Professor develops synthetic alcohol

A synthetic alcohol that can replicate the sensation of feeling ‘tipsy’, but without causing a hangover, has been developed by a London scientist.

alcohol-brands-on-twitterProfessor David Nutt, a neuropsychopharmacology professor at London’s Imperial College, has developed two drugs that could eliminate hangovers and wean those who drink to excess off alcohol to prevent damage to their health.

As reported by The Telegraph“alcosynth” is a non-toxic inebriant that mimics the effects of alcohol, but removes the risks of hangovers and liver damage. The substance derives from the Valium family but is not addictive, which Nutt claims prevents withdrawal symptoms. 

Meanwhile “chaperone”, counters the effects of alcohol when taken while drinking, making it impossible to become drunk to the point of incapacitation – essentially a “sober pill” that could be popped while on a night out.

Nutt, known as the drugs tsar fired by the British government in 2009 for proclaiming that horse-riding is more dangerous than ecstasy, claims human trial and legal bills for introducing the drugs will run into the millions, but has plans to secure a backer from the pharmaceutical industry.

Danish pharmaceutical company Lundbeck recently launched Selincro, a drug that reduces the craving for alcohol, proving interest in the market.
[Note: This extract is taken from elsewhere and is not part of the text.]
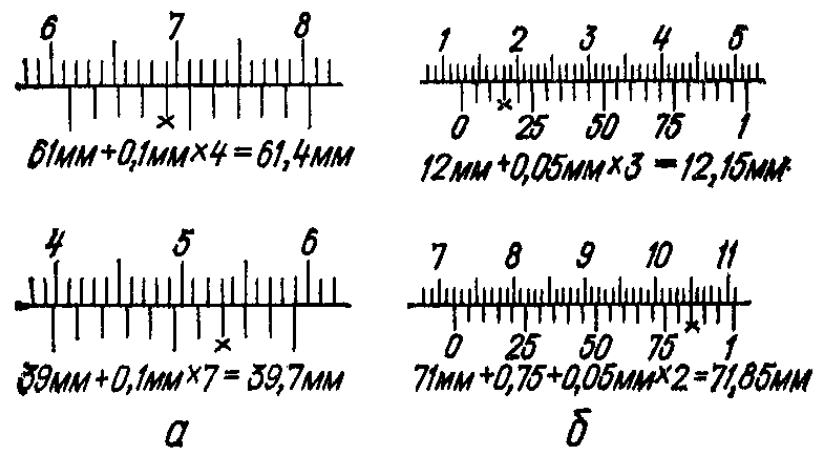 Рис. 2. Примеры отсчета показаний по нониусам штангенинструментов.

Nutt believes the savings to the NHS and the long-term health benefits to society should convince the Government, and the drinks industry, to take him seriously.

“The drinks industry should see this as a natural stage in the evolution of their products which will ultimately help them avoid expensive litigation costs,” he said.

While acknowledging that synthesising a drug to replace alcohol sounds extreme, Nutt pointed to the tobacco industry and the pace at which e-cigarettes have been accepted – an invention that would have been similarly dismissed years ago.

A spokesperson for the Wine and Spirit Trade Association said such drugs would have “a lot of problems” under EU law, adding that it was “not something our member companies would consider.”